* _THE DATA_
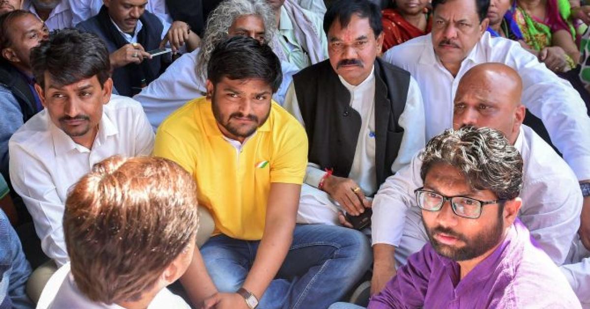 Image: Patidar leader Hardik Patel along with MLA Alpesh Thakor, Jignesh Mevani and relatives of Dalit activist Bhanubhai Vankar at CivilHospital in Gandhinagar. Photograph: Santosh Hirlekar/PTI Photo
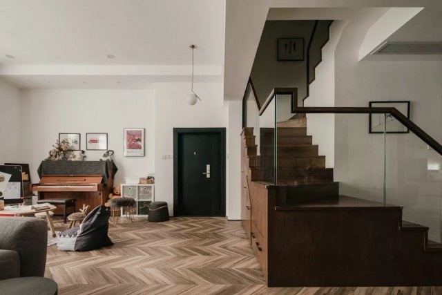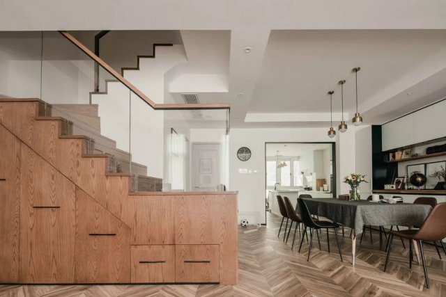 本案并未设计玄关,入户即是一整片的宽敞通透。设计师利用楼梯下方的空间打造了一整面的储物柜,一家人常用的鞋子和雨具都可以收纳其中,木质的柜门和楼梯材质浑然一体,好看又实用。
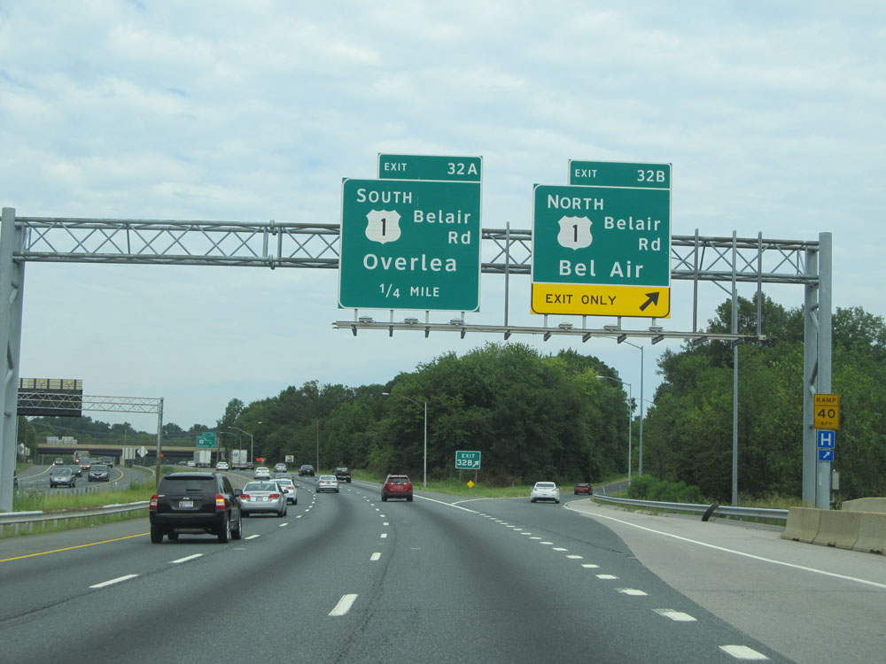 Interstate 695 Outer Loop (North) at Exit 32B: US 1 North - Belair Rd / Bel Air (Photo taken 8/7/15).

* _TASK DIRECTIONS_
Copy out the data above to the letter, and keep every picture out of it.

* _ANSWER BOX_
 Image: Patidar leader Hardik Patel along with MLA Alpesh Thakor, Jignesh Mevani and relatives of Dalit activist Bhanubhai Vankar at CivilHospital in Gandhinagar. Photograph: Santosh Hirlekar/PTI Photo
 本案并未设计玄关,入户即是一整片的宽敞通透。设计师利用楼梯下方的空间打造了一整面的储物柜,一家人常用的鞋子和雨具都可以收纳其中,木质的柜门和楼梯材质浑然一体,好看又实用。
 Interstate 695 Outer Loop (North) at Exit 32B: US 1 North - Belair Rd / Bel Air (Photo taken 8/7/15).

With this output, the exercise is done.